We are using SPECworkstation 3.1 and specifically the WPCstorage test. “The storage workload is based on storage transaction traces from a wide variety of professional applications engaged in real work.” It includes media and entertainment, product development, life sciences, energy, and general operations. Each program receives a score, and they are averaged together for an overall score, higher is better.

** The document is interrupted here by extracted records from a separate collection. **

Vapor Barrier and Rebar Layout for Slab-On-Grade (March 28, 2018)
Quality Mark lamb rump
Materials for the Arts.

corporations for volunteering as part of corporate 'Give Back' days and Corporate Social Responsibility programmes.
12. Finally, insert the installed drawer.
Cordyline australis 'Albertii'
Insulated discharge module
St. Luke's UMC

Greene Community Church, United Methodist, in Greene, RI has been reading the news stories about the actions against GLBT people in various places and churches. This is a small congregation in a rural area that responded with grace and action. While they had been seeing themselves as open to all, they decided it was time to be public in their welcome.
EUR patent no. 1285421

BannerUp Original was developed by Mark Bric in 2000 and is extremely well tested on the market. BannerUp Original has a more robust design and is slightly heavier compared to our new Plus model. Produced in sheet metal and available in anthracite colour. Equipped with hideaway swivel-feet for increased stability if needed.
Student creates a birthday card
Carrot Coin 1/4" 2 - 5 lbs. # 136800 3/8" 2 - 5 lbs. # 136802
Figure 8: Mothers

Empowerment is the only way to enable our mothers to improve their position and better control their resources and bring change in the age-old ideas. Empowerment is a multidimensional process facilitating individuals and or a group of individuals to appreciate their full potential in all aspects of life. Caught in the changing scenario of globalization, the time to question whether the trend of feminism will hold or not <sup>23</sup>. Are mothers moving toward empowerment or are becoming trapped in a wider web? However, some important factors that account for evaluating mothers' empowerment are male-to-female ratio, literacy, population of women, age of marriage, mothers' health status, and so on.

Samsung 970 EVO Plus NVMe M.2 SSD 500GB SPECworkstation 3.1 storage benchmark

In this professional workstation storage benchmark higher numbers are better. In that regard, the Samsung 970 EVO Plus 500GB is the fastest drive here for workstation applications, scoring 4.63. This is a 5% performance advantage over the Samsung 970 EVO 1TB SSD. For professionals looking for uncompromised application performance, the 970 EVO Plus is clearly the better choice. One thing is for sure, you don’t want the ADATA XPG SX8100 for those applications, it’s half the performance.


Temperature

Stress Test Temperature

In our first temperature test, we run a stress test to maximize the temperature of the SSD as much as possible. Basically, we want to get it running as hot as possible. We run a Secure Erase function with the same disk management software on all the drives to make it apples-to-apples. This heats up the SSDs as much as possible. If the SSD comes with its own heatsink, we use it, if it does not, we use the standard motherboard M.2 heatsink that comes with our motherboard.

For the Samsung 970 EVO Plus and Samsung 970 EVO, we are using the motherboards heatsink for the M.2 slot on these SSDs. The Teamgroup MP34 is also using the same motherboard heatsink for the M.2 slot, so all three are using the exact same heatsink.

Samsung 970 EVO Plus NVMe M.2 SSD 500GB stress test temperature

With the motherboard’s M.2 heatsink installed, the older Samsung 970 EVO 1TB ran the hottest during stress testing, up to 63c, and that’s with the heatsink. The Samsung 970 EVO Plus 500GB ran cooler, only 50c on the stress test, remember it is single-sided and also has fewer NAND modules than the 1TB 970 EVO. The point here is that it will not throttle with a motherboard M.2 heatsink, it does very well at the most intensive loads.

Typical Usage Temperature

Our typical usage temperature test notes the temperature of the SSD in typical usage scenarios. This is what you will experience in normal workloads.

All SSDs are using the motherboard’s M.2 heatsink.

Samsung 970 EVO Plus NVMe M.2 SSD 500GB typical usage temperature

In typical usage, the Samsung 970 EVO Plus does still run cooler than the Samsung 970 EVO 1TB SSD, about 47c versus 53c. This means you will not get any throttling at all.

Brent Justice

Brent Justice has been reviewing computer components for 20+ years, educated in the art and method of the computer hardware review he brings experience, knowledge, and hands-on testing with a gamer oriented...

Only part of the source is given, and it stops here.